------ Records shown ------

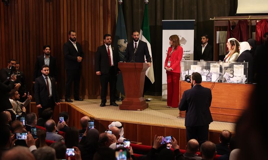 Seçim sürecine, Şam’daki Ulusal Kütüphane’de yapılan toplantıya Filistin ve Yemen büyükelçileri ile Türkiye’nin Şam Geçici Maslahatgüzarı Burhan Köroğlu da gözlemci olarak katıldı.
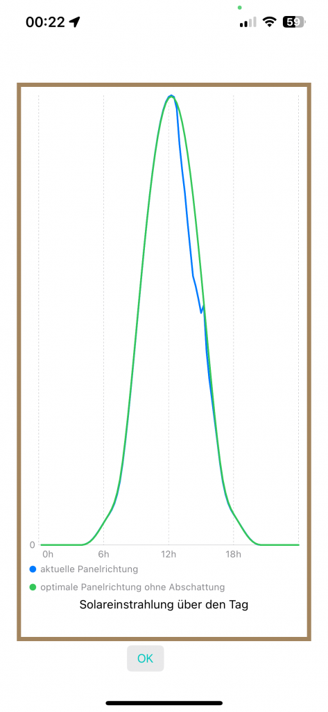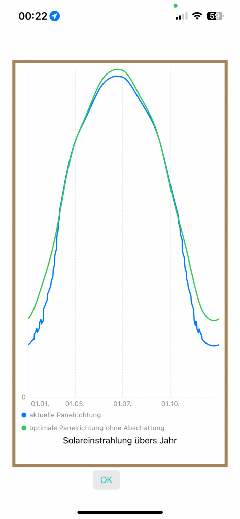 Aus diesen Daten wir der Ertrag der Solarpanels ermittelt und als Prozentwert von einem ideal ausgerichteten Solarpanels ohne Abschattung angezeigt.
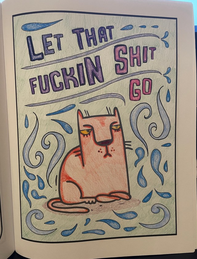 The deep mindful breaths were easily done. Coloring for 10 minutes extended into coloring while listening to music for much longer. I have two coloring books that I have received as birthday gifts, and one of them is the Swearing Cats Coloring Book. I flipped through it to find a page I wanted to color and came across this one with one of my favorite sayings:
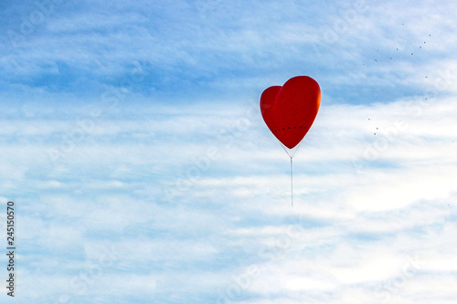 Balloon in the shape of heart is flying among the clouds, copy space for Valentine's Day, Mother's Day or Women's Day.
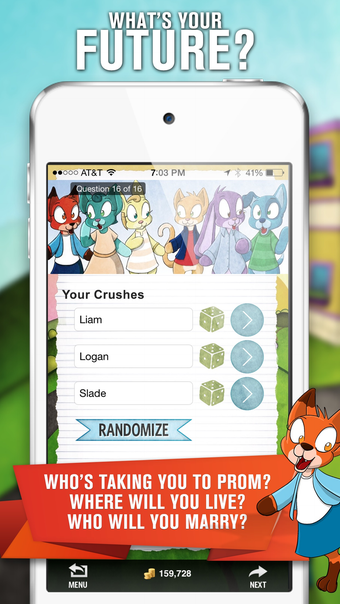 MASH to zabawna i rozrywkowa gra, która próbuje przewidzieć twoją przyszłość. Obejmuje różne aspekty twojego życia, w tym twój małżonek, praca, dochody i miejsce zamieszkania. Gra pozwala ci grać w klasyczną wersję MASH i oferuje również możliwość pobrania nowych historii, aby rozszerzyć swoje doświadczenie z rozgrywką.
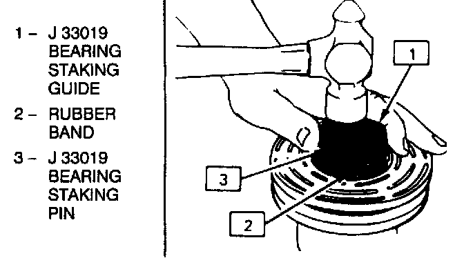 3. Place bearing staking guide J 33019-1 and bearing staking pin 133019 in the hub bore as shown in Figure 13. Shift the rotor and bearing assembly on the J 21352-A support block to give full support of the hub under the staking pin location. A heavy-duty rubber band may be used to hold the stake pin in the guide, and the stake pin should be properly positioned in the guide after each impact on the pin
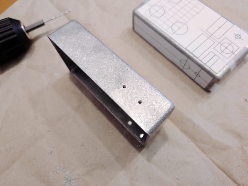 別にわざわざケースの図面とか穴位置とかまで作る必要はないのですが、アルミケースに穴をあける際に型紙があったほうが楽だし、同じケースを使うときに使いまわせるので型紙を作りました。

------

→ About this task
Each entry should be set down exactly, pictures excluded.

→ Task answer
 Seçim sürecine, Şam’daki Ulusal Kütüphane’de yapılan toplantıya Filistin ve Yemen büyükelçileri ile Türkiye’nin Şam Geçici Maslahatgüzarı Burhan Köroğlu da gözlemci olarak katıldı.
 Aus diesen Daten wir der Ertrag der Solarpanels ermittelt und als Prozentwert von einem ideal ausgerichteten Solarpanels ohne Abschattung angezeigt.
 The deep mindful breaths were easily done. Coloring for 10 minutes extended into coloring while listening to music for much longer. I have two coloring books that I have received as birthday gifts, and one of them is the Swearing Cats Coloring Book. I flipped through it to find a page I wanted to color and came across this one with one of my favorite sayings:
 Balloon in the shape of heart is flying among the clouds, copy space for Valentine's Day, Mother's Day or Women's Day.
 MASH to zabawna i rozrywkowa gra, która próbuje przewidzieć twoją przyszłość. Obejmuje różne aspekty twojego życia, w tym twój małżonek, praca, dochody i miejsce zamieszkania. Gra pozwala ci grać w klasyczną wersję MASH i oferuje również możliwość pobrania nowych historii, aby rozszerzyć swoje doświadczenie z rozgrywką.
 3. Place bearing staking guide J 33019-1 and bearing staking pin 133019 in the hub bore as shown in Figure 13. Shift the rotor and bearing assembly on the J 21352-A support block to give full support of the hub under the staking pin location. A heavy-duty rubber band may be used to hold the stake pin in the guide, and the stake pin should be properly positioned in the guide after each impact on the pin
 別にわざわざケースの図面とか穴位置とかまで作る必要はないのですが、アルミケースに穴をあける際に型紙があったほうが楽だし、同じケースを使うときに使いまわせるので型紙を作りました。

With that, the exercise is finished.